A MID-VICTORIAN MAHOGANY AND SATINWOOD MARQUETRY LIBRARY TABLE

細節
A MID-VICTORIAN MAHOGANY AND SATINWOOD MARQUETRY LIBRARY TABLE
The rectangular moulded top with concentric banding above the frieze conformingly decorated and with anthemion scrolls to the angles, above two trestle end-supports with downswept channelled outer-supports terminating in claw feet and central plinth support with anthemion and further foliage panel and with central tablet of two confronting dolphins, joined by a flat stretcher with central roundel flanked by anthemion decoration, on a rounded rectangular base and conforming bracket feet
51½in. (131cm.) wide; 29½in. (75cm.) high; 32¾in. (83cm.) deep

拍品專文

The library-table's plinth-supported trestles have scrolled and moulded trusses terminating in bacchic lion-paws, while Venus's dolphins embellish the tablets of their ribbon-ties, and are inlaid like the palm-flowered arabesques of their central pilasters.
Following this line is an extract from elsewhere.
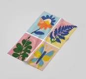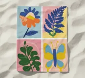 Un'affascinante griglia di quattro illustrazioni presenta un fiore, una felce, delle foglie e una farfalla, creando un bellissimo studio botanico in stile didattico.

This Renaissance inlay relates to that of the Italian bookcases executed in walnut and boxwood in the 1860s to the designs of George E. Fox for Charles Somers Cocks, 3rd Earl Somers' (d.1883) library at Eastnor Castle, Herefordshire. Similar decoration and dolphins featured in John Dibblee Crace's proposal of 1877 for a library at Longleat, Wiltshire, where Fox was also employed earlier in the decade (Longleat, Guide Book, Somerset, 1996, p. 47).